当我运行此代码时
val conf = new SparkConf().setMaster("local[2]").setAppName("MLlib")
val sc = new SparkContext(conf)
val data = sc.textFile("hdfs://192.168.1.20:8020/user/sparkMLlib/input/testMLlib.csv")
val parsedData = data.map(s => Vectors.dense(s.split(',').map(_.toDouble))).cache()
// Cluster the data into two classes using KMeans
val numClusters = 2
val numIterations = 20
val clusters = KMeans.train(parsedData, numClusters, numIterations)
// Evaluate clustering by computing Within Set Sum of Squared Errors
val WSSSE = clusters.computeCost(parsedData)
println("Within Set Sum of Squared Errors = " + WSSSE)
// Save and load model
clusters.save(sc, "hdfs://192.168.1.20:8020/user/sparkMLlib/output/")
val sameModel = KMeansModel.load(sc, "hdfs://192.168.1.20:8020/user/sparkMLlib/output/")
我收到运行时异常:
16/05/04 14:43:40 ERROR DefaultWriterContainer: Aborting task.
java.lang.NoClassDefFoundError: org/apache/spark/sql/types/GenericArrayData
at org.apache.spark.mllib.linalg.VectorUDT.serialize(Vectors.scala:207)
at org.apache.spark.mllib.linalg.VectorUDT.serialize(Vectors.scala:179)
at org.apache.spark.sql.catalyst.CatalystTypeConverters$UDTConverter.toCatalystImpl(CatalystTypeConverters.scala:142)
at org.apache.spark.sql.catalyst.CatalystTypeConverters$CatalystTypeConverter.toCatalyst(CatalystTypeConverters.scala:102)
at org.apache.spark.sql.catalyst.CatalystTypeConverters$$anonfun$createToCatalystConverter$2.apply(CatalystTypeConverters.scala:401)

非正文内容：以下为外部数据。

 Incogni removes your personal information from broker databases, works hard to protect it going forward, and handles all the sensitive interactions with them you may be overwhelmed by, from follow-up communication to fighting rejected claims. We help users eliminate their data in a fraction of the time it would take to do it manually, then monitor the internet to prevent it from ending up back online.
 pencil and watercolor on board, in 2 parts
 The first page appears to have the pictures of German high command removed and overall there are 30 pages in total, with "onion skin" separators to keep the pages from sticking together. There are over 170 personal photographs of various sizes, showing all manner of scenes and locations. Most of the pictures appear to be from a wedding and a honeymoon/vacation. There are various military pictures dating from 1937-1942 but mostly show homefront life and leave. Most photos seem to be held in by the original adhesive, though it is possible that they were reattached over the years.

at org.apache.spark.sql.execution.RDDConversions$$anonfun$productToRowRdd$1$$anonfun$apply$1.apply(ExistingRDD.scala:39)
at org.apache.spark.sql.execution.RDDConversions$$anonfun$productToRowRdd$1$$anonfun$apply$1.apply(ExistingRDD.scala:36)
at scala.collection.Iterator$$anon$11.next(Iterator.scala:328)

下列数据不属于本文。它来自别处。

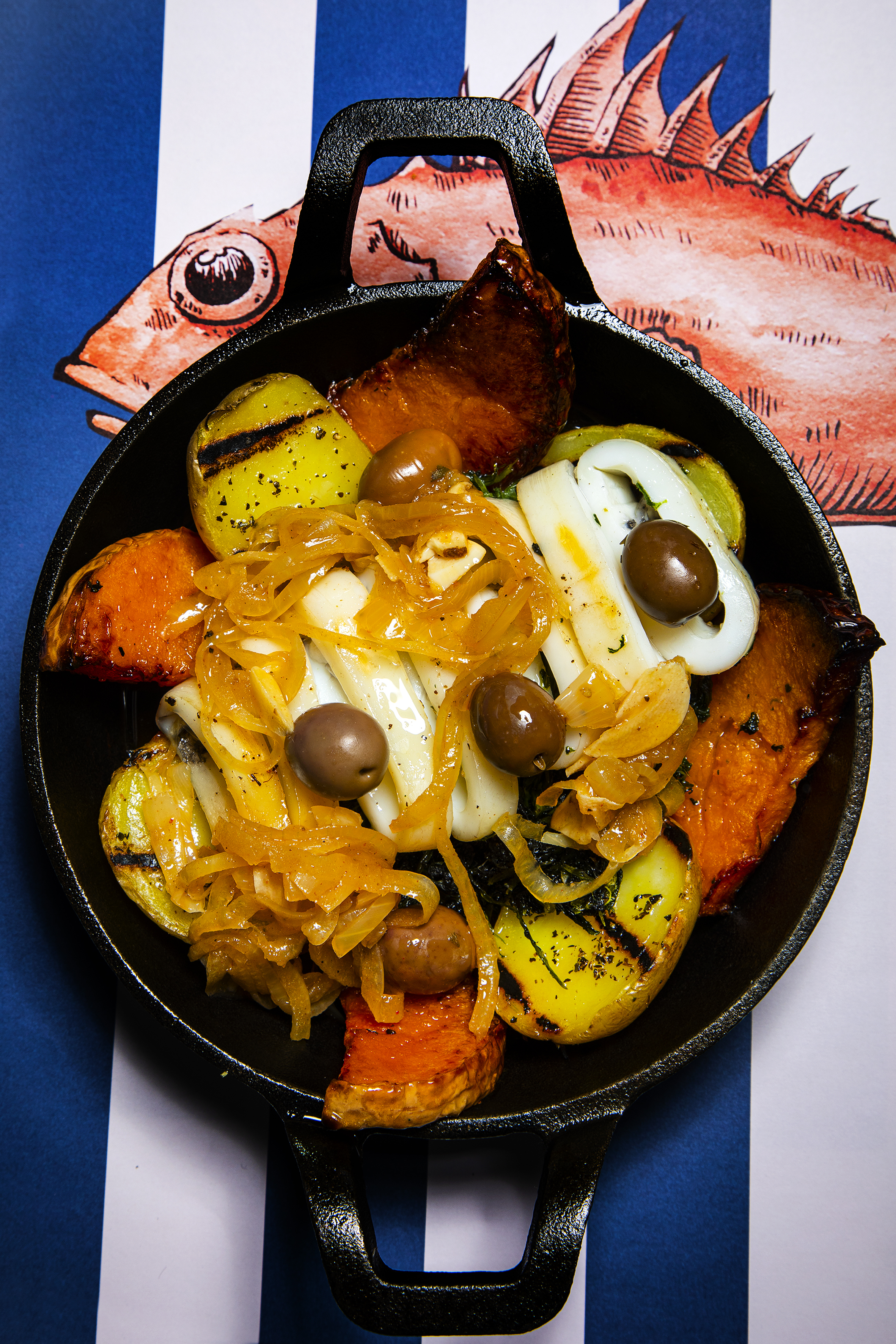 À segunda-feira, a sugestão passa pelo arroz malandreco de camarão e algas, sendo que, à terça, o bacalhau grelhado assume o protagonismo. À quarta-feira surge a lula à Lagareiro com abóbora, à quinta-feira poderá lambuzar-se com um bitoque de atum e dióspiro, sendo que a sexta-feira fica reservada para a feijoada de choco e castanhas.
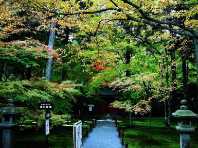 この大原は王朝の昔、「天台声明(てんだいしょうみょう)」の精舎が立ち並んでいたそうです。「声明」(別名「梵唄」ぼんばい)とは御仏を礼賛する仏教音楽のことです。朝霧のたちこめる大原の里に声明が流れていた様を思い浮かべてみてください。やがてこの地は中国の声明聖地の名をもらって「魚山」と呼ばれるようになります。三千院は、49を数えた魚山を司る政所(まんどころ)として12世紀の中頃に建立されたのだそうです。三千院の別名は梶井門跡、梨本門跡、円融院門跡などで、天台宗五箇室門跡の一つ。開基は伝教大師最澄上人(767〜822)で、本尊は薬師瑠璃光如来(秘仏)です。現在では樹齢何百年にもなる杉木立と、鮮やかな緑色を披露してくれる苔、そして秋の紅葉で有名になっています。
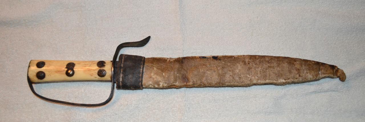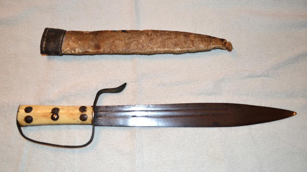 Might also be a Spanish colonial knife. That style of D-hilt is seen on some espada ancha. The blade could be from an old cut down sword.

at org.apache.spark.sql.execution.datasources.DefaultWriterContainer.writeRows(WriterContainer.scala:263)
at org.apache.spark.sql.execution.datasources.InsertIntoHadoopFsRelation$$anonfun$run$1$$anonfun$apply$mcV$sp$3.apply(InsertIntoHadoopFsRelation.scala:150)
at org.apache.spark.sql.execution.datasources.InsertIntoHadoopFsRelation$$anonfun$run$1$$anonfun$apply$mcV$sp$3.apply(InsertIntoHadoopFsRelation.scala:150)
at org.apache.spark.scheduler.ResultTask.runTask(ResultTask.scala:66)
at org.apache.spark.scheduler.Task.run(Task.scala:89)
at org.apache.spark.executor.Executor$TaskRunner.run(Executor.scala:214)
at java.util.concurrent.ThreadPoolExecutor.runWorker(ThreadPoolExecutor.java:1145)
at java.util.concurrent.ThreadPoolExecutor$Worker.run(ThreadPoolExecutor.java:615)
at java.lang.Thread.run(Thread.java:745)
Caused by: java.lang.ClassNotFoundException: org.apache.spark.sql.types.GenericArrayData
at java.net.URLClassLoader$1.run(URLClassLoader.java:366)
at java.net.URLClassLoader$1.run(URLClassLoader.java:355)
at java.security.AccessController.doPrivileged(Native Method)
at java.net.URLClassLoader.findClass(URLClassLoader.java:354)
at java.lang.ClassLoader.loadClass(ClassLoader.java:425)
at sun.misc.Launcher$AppClassLoader.loadClass(Launcher.java:308)
at java.lang.ClassLoader.loadClass(ClassLoader.java:358)
我根本不明白这一点。这是一个导入或依赖问题,我到处都看,但我一无所获。这似乎是一个非常奇怪的例外。谁能解释一下?